> [Assigned task] Would you output the entries below only from the line containing "ピンク系のお花を中心としたアレンジメント(カゴ付)です。" through the line containing "ОТВЕТ на задание", exactly as they stand and with both ends included?

> [Extracted entries]
◆ ◆ ◆ ◆
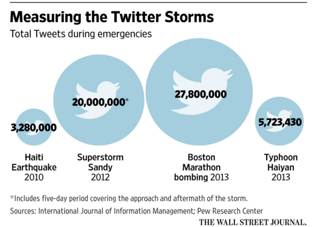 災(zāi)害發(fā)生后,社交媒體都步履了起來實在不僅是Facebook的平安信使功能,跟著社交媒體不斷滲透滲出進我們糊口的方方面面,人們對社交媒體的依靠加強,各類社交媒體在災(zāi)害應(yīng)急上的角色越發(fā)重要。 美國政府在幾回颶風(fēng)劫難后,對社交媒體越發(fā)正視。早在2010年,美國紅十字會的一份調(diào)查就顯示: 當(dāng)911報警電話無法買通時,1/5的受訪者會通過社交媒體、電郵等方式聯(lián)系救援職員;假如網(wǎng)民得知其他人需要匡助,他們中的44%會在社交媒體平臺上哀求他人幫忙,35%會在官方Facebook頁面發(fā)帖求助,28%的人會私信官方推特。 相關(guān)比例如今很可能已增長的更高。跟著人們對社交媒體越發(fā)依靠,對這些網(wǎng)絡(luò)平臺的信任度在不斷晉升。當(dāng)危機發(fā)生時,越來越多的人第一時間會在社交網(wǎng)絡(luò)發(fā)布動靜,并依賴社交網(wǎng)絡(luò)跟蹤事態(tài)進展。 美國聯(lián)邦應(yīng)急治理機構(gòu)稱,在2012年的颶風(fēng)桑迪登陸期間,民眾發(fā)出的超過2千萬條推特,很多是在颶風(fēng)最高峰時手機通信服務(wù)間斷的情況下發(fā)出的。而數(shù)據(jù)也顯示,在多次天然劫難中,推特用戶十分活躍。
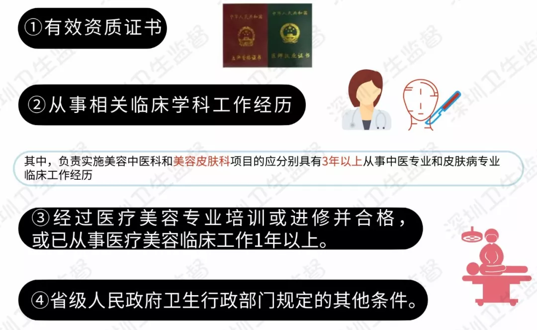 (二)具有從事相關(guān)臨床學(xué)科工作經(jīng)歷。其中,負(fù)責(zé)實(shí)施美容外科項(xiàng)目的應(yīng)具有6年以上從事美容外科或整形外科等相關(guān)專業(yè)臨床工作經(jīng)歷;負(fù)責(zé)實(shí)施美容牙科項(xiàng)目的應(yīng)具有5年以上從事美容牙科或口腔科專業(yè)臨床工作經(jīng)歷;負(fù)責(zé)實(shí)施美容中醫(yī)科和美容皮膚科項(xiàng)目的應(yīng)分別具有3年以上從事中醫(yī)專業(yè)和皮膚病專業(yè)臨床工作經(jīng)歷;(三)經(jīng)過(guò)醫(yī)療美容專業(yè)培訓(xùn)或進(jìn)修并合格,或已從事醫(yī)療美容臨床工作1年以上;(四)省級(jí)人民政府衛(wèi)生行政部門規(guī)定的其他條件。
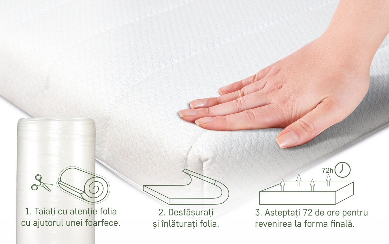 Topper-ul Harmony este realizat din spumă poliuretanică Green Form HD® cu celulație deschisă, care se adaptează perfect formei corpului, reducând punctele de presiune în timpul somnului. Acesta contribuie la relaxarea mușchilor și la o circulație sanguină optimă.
◆ ◆ ◆ ◆
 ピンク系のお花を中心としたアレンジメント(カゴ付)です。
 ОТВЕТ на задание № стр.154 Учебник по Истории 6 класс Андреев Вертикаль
◆ ◆ ◆ ◆
> [Exercise result]
 ピンク系のお花を中心としたアレンジメント(カゴ付)です。
 ОТВЕТ на задание № стр.154 Учебник по Истории 6 класс Андреев Вертикаль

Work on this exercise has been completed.